*** Begin section ***

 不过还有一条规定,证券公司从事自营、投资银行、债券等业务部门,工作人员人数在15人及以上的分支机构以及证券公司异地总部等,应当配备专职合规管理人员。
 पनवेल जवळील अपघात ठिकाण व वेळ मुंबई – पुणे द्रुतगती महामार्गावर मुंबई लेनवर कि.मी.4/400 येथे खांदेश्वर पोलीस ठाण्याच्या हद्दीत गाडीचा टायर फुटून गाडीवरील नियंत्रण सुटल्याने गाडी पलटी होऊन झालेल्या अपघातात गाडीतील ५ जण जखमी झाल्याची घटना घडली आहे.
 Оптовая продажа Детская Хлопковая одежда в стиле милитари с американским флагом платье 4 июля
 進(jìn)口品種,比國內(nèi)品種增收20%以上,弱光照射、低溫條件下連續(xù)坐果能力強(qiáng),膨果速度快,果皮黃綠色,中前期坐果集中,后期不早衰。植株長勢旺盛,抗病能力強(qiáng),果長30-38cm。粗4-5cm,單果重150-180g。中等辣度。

*** End section ***
*** Begin section ***

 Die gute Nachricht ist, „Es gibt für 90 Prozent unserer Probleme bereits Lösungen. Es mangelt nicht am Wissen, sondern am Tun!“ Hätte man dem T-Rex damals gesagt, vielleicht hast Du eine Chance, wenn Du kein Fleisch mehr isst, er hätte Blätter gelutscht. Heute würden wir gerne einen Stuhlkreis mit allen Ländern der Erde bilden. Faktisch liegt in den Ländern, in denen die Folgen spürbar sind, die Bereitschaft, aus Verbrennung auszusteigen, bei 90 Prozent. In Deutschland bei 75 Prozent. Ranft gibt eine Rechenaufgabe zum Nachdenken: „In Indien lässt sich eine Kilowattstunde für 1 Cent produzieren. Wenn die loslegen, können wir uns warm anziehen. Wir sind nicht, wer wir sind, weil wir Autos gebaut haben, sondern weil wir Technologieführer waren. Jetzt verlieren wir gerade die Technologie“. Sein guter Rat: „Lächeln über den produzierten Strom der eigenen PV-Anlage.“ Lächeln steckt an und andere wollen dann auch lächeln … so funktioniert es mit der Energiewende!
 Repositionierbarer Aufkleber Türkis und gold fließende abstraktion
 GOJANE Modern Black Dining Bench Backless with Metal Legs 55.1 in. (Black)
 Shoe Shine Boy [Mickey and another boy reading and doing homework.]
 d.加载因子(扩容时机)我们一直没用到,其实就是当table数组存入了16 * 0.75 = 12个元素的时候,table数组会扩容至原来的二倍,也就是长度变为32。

*** End section ***

Every line from the line containing "Repositionierbarer Aufkleber Türkis" through the line containing "d.加载因子(扩容时机)我们一直没用到,其实就是当table数组存入了16 * 0.75" in the records above must be retyped exactly. Leave out the rest.

 Repositionierbarer Aufkleber Türkis und gold fließende abstraktion
 GOJANE Modern Black Dining Bench Backless with Metal Legs 55.1 in. (Black)
 Shoe Shine Boy [Mickey and another boy reading and doing homework.]
 d.加载因子(扩容时机)我们一直没用到,其实就是当table数组存入了16 * 0.75 = 12个元素的时候,table数组会扩容至原来的二倍,也就是长度变为32。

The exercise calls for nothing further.